Infrastructure for collections, such as the cutting-edge cryo-collections facility at the Museum of Southwestern Biology, funded by the National Science Foundation, was essential to conducting the new study. Its findings exemplify the tremendous potential of natural history museum collections for understanding biodiversity. The specimens used in this study are all stored in museum collections, available to extend the present research. Innovative software, such as UNM's Arctos database and collections management system, make it possible for specimens and associated information to be searchable and accessible. In this way, museum collections infrastructure facilitates cross-institution collaboration and encourages novel, integrative research.

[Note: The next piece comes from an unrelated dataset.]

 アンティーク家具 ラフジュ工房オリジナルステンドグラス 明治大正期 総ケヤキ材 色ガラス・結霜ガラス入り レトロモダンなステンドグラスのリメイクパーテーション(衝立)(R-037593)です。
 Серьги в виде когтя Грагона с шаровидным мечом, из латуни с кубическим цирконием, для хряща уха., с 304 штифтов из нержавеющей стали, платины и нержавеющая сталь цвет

Understanding the rules that govern biodiversity is becoming urgent as the warming climate looms. "The 'endless forms most beautiful' that Darwin wrote of are still with us," said Witt. "In the future, we'll realize that now was the essential time to be documenting them and asking the big questions."

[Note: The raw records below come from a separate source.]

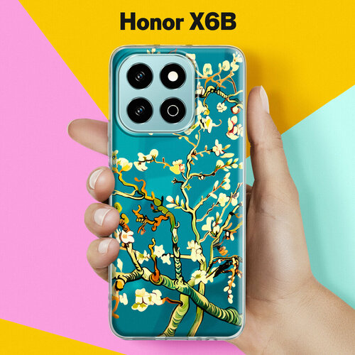 Силиконовый чехол на Honor X6B с принтом "Цветы ветка" с прозрачными бортиками
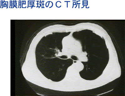アスベストの健康障害は簡単に言うと、じん肺の一つのアスベスト肺、肺がん、悪性中皮腫(肺の外の膜にできるがんの一種は悪性胸膜中皮腫)の3種類があります。腹膜の回りにできる中皮腫は悪性腹膜中皮腫と言います。もう一つは、良性の変化ですが、胸膜肥厚班があります。(図2)
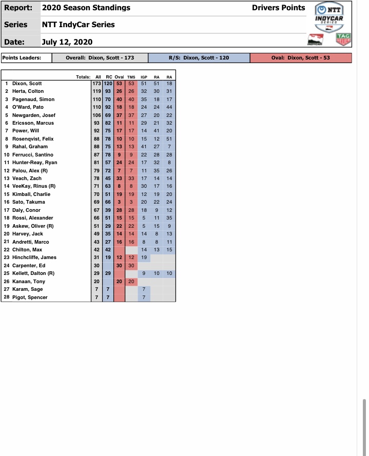 The contact had a ripple effect as Santino Ferrucci, driving the No. 18 SealMaster Honda, made contact with Jack Harvey in the No. 60 AutoNation/SiriusXMHonda. Ferrucci was assessed a penalty for avoidable contact but rebounded to finish sixth. Harvey finished 17th.

CORBIDI co-authors on the paper included: Thomas Valqui, Director and long-time collaborator with UNM; Emil Bautista, UNM's lead partner for fieldwork; and Paloma Ordoñez. Ms. Ordoñez passed away in 2020, during the early part of the pandemic, and the paper is dedicated to her memory.

UNM authors on the paper, in addition to McNew and Witt, included: Jessie Williamson, a current Ph.D. student; Lisa Barrow, Assistant Professor of Biology and Curator of Amphibians and Reptiles; Spencer Galen (M.S., 2015), Assistant Professor at University of Scranton; Ariel Gaffney (M.S., 2017), a forensic ornithologist with the United States Fish and Wildlife Service; Andrew Johnson, Senior Collection Manager at the Division of Birds of the Museum of Southwestern Biology; Jonathan Schmitt (B.S. 2012, M.S. 2015), Ph.D. student at Harvard University; and Ashley Smiley (B.S. 2014), Ph.D. student at University of California-Berkeley; and Shane DuBay (M.S., 2012), a postdoctoral fellow at University of Michigan. DuBay, who earned a Ph.D. from the University of Chicago after leaving UNM, contributed to the project from both UNM and the Field Museum. Additional Field Museum authors on the paper include a Ph.D. student, Heather Skeen, and bird curators John Bates and Shannon Hackett.